Is There Low Risk of Bias for Each Comparison?

As is true with a conventional meta-analysis, conclusions of a NMA ultimately are limited by the risk of bias of the included studies. Studies that are compromised by high risk of bias are likely to result in misleading estimates from the NMA, regardless of how well the authors of the NMA have collected and summarized the evidence.

Because they are limited in controlling imbalance resulting from differences in age, sex, illness severity, and other factors that influence patient outcome (prognostic factors), observational studies are at higher risk of bias than are randomized controlled trials (RCTs). Although observational studies may be included in NMAs, this should be done with careful consideration, and the limitations of doing so should be duly acknowledged. RCTs, through randomization and large sample size, potentially address issues of prognostic imbalance. However, RCTs vary with respect to risk of bias depending on the rigor with which they: (1) conceal randomization; (2) blind participants, caregivers, data collectors, adjudicators of outcome and data analysts; and (3) achieve complete followup [3, 22]. A NMA should present an assessment of risk of bias using an instrument that systematically evaluates all important elements [2]. A modification of the Cochrane risk of bias tool for RCTs is an example of such an instrument [11].

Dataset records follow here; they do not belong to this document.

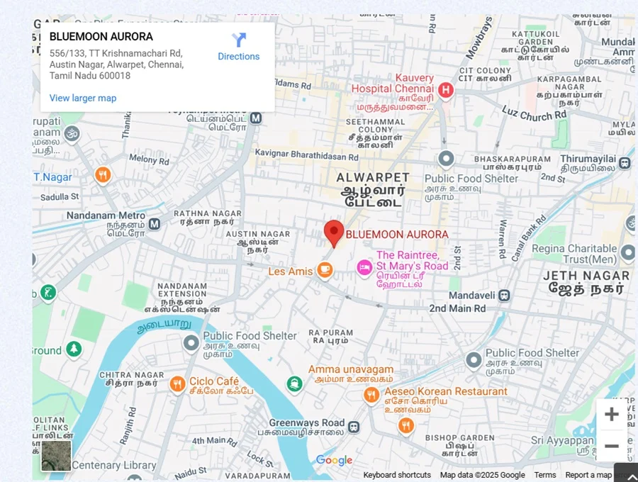 Bluemoon Aurora Residential project in Chennai offering Villa for Sale in Alwarpet. The property offers 4BHK Villa meticulously planned that guarantee a hassle-free lifestyle. As per the area plan it has 5 units in the size range 3575 sq.ft. Possession date is Dec 2025. Bluemoon Aurora offers prices suitable for both luxurious and affordable Villa in Chennai. Bluemoon Aurora is located Alwarpet. This is considered as best Villa for Sale in Chennai and best Villa for Sale in Alwarpet.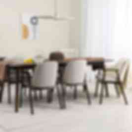 Åhus matbord har ett soft, enkelt, skandinaviskt uttryck, en tidlös estetik som låter sig levas med i vardag och fest! 220 cm långt.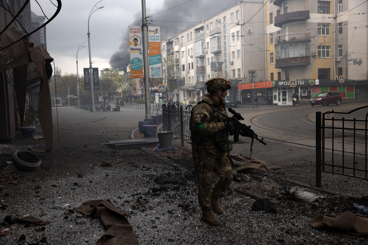 A Ukrainian soldier on the street following a rocket barrage that struck central Kharkiv, Ukraine, on April 17, 2022.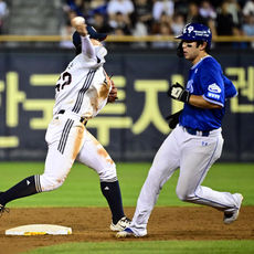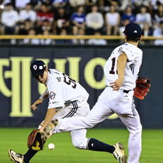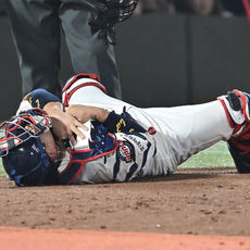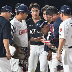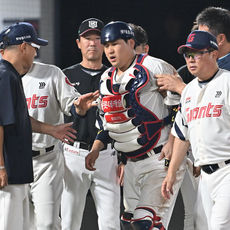 파울 타구에 목 부상 유강남 바라보는 김태형 감독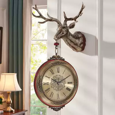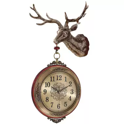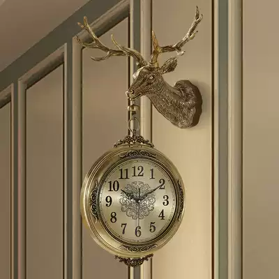 European-style American light luxury creative alloy deer head wall-mounted clock double-sided wall clock Hotel living room model room pendant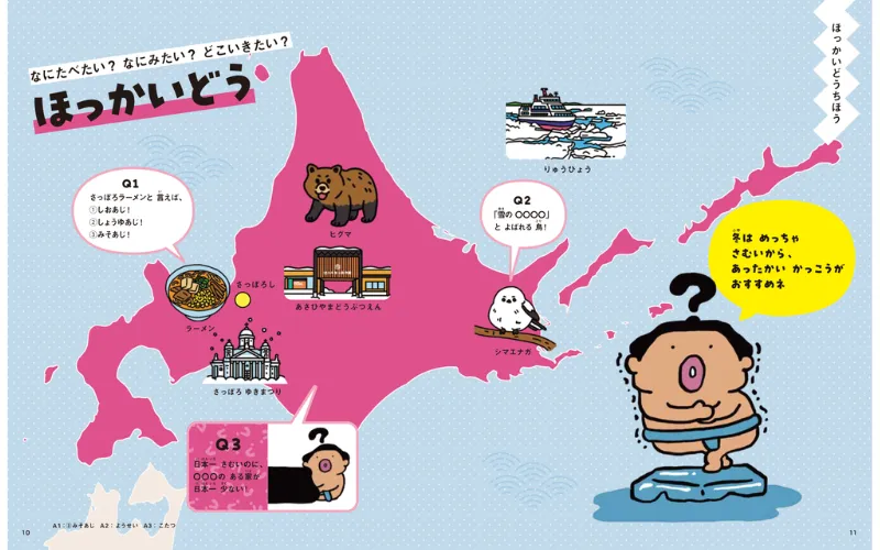 日本の魅力を子どもたちに届け、知的好奇心と質問力を育む「クエスちょんまげPJ(プロジェクト)」から生まれた絵本。日本の文化や地域の特色や多様性をクイズにし、その魅力を「なんで?」という問いから掘り起こします。
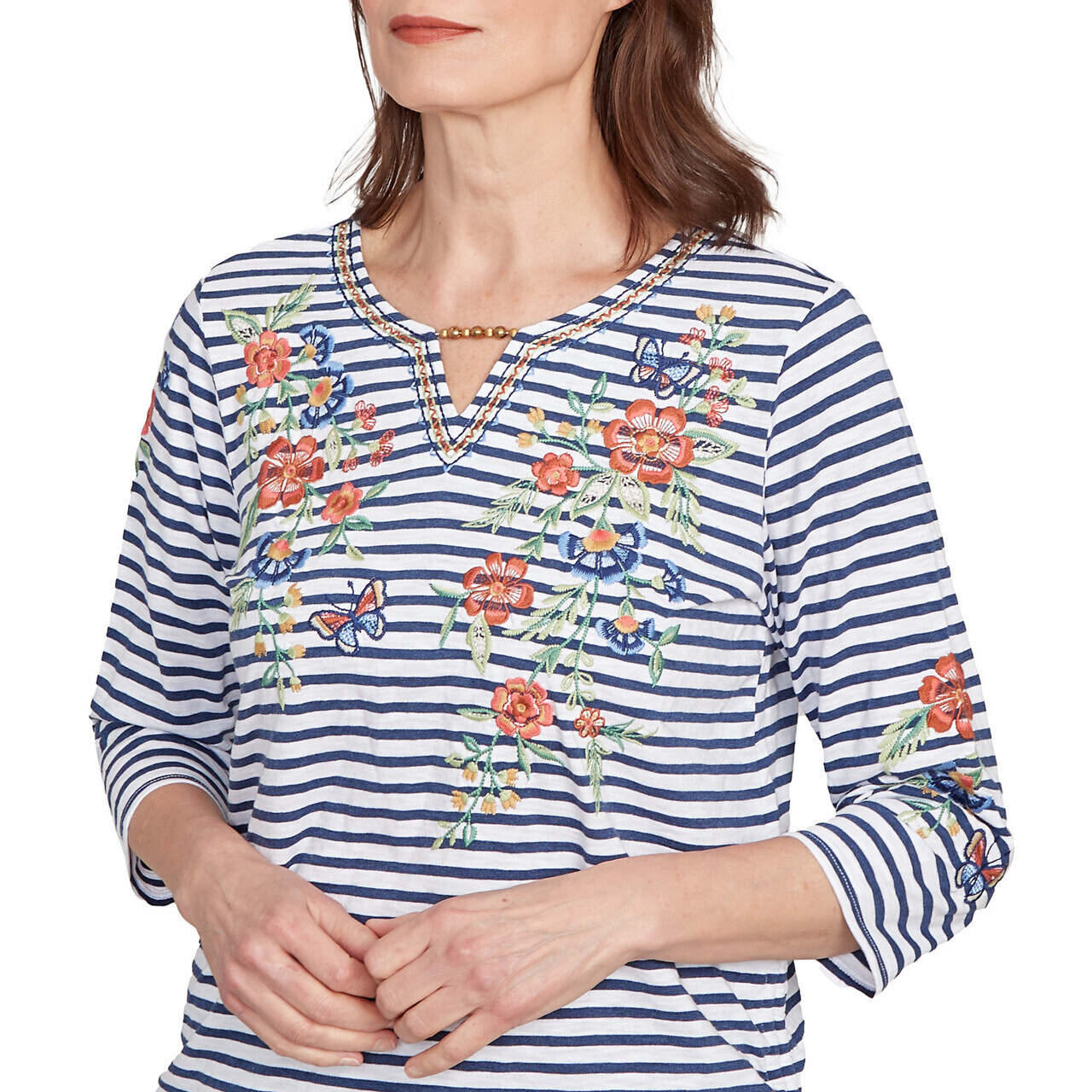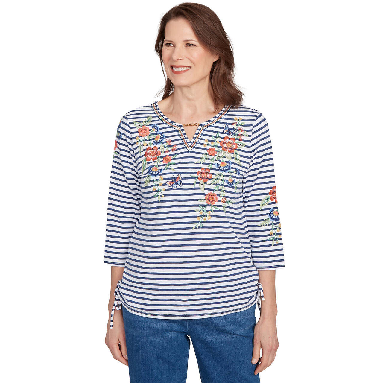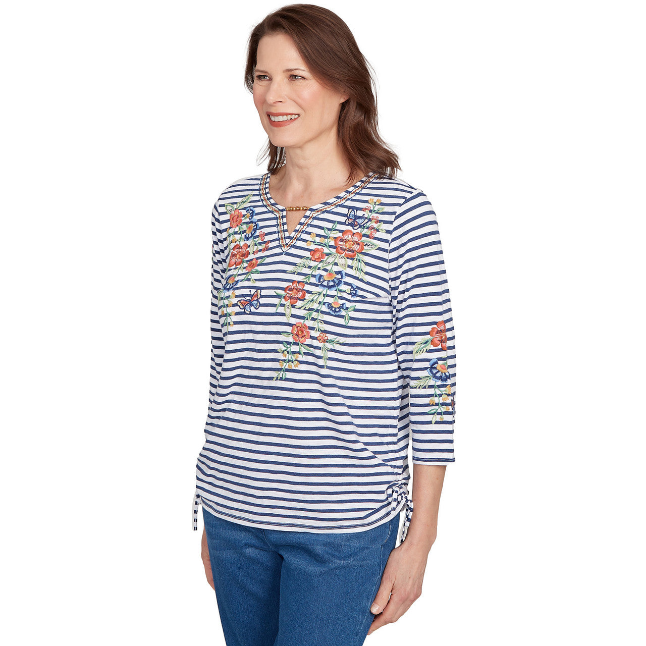 This striped top features a delicate floral neckline with a split detail, adding a touch of elegance. The three-quarter sleeves and straight hemline offer a flattering fit, while the double tie drawstring closures provide an extra stylish flair.

Risk of bias is likely to differ across paired comparisons (surgical treatment A vs B, A vs C, B vs C, and so on), so that reporting the overall risk of bias across a network (for instance, reporting the number of studies at high and low risk of bias among all those included), is of limited use in interpreting results. More useful is information allowing assessment of the extent of risk of bias for each of the paired comparisons under investigation.

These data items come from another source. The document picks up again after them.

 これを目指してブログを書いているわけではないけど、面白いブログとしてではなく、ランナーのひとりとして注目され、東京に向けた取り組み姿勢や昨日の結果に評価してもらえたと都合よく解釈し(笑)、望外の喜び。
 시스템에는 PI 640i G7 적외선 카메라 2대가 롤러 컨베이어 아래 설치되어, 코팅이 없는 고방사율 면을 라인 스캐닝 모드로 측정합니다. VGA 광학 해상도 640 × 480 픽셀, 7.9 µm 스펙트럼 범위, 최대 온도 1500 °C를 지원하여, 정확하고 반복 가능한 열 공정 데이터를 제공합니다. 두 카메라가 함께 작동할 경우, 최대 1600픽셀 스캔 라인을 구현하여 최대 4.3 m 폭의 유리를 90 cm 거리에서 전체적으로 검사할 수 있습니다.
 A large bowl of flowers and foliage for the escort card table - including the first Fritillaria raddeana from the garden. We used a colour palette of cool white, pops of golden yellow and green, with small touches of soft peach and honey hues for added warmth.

Returning to the NMA of open tibial shaft fracture management by Foote et al. [7] in the case scenario presented in Part I of the Users’ Guide for Surgeons, we saw that the NMA had restricted eligibility to RCTs and quasirandomized trials and that the authors reported the risk of bias for each article. More to the point, the article also presented the risk of bias associated with the body of evidence addressing each treatment effect estimate. For instance, they reported that the direct evidence comparing unreamed with reamed nailing was at low risk of bias, whereas the direct comparison of Ilizarov fixation with external fixation was at high risk of bias owing to inclusion of quasirandomized trials which resulted in a lack of blinding.

Are There Concerns About Publication Bias?

Publication bias occurs when trials that are negative (that is, trials that do not identify a difference between the interventions they evaluated) remain unpublished. Because systematic reviews of the literature are better at identifying published trials than unpublished ones, this can bias estimates of effect sizes upward. Certain patterns of results, referred to as asymmetrical funnel plots, may suggest publication bias [13]. Similarly, a group of small positive studies that are predominantly industry-funded also may suggest publication bias [19]. Neither of these patterns of data is definitive and making inferences regarding publication bias is challenging. Readers should look for evidence that authors have considered the issue by some combination of a search for unpublished data, construction of funnel plots with associated statistical tests, and examination of the pattern of results in relation to industry funding.

Are the Results of Individual Studies in the Direct Comparisons Consistent?

A NMA is based on numerous paired comparisons, each of which typically will involve multiple studies, generating a pooled estimate of effect. In each such comparison, treatment effects will vary, to a lesser or greater extent, across individual studies—we refer to this between-study inconsistency as heterogeneity. Heterogeneity, when substantial, may be attributable to identifiable differences in patients, interventions, outcomes, and/or risk of bias.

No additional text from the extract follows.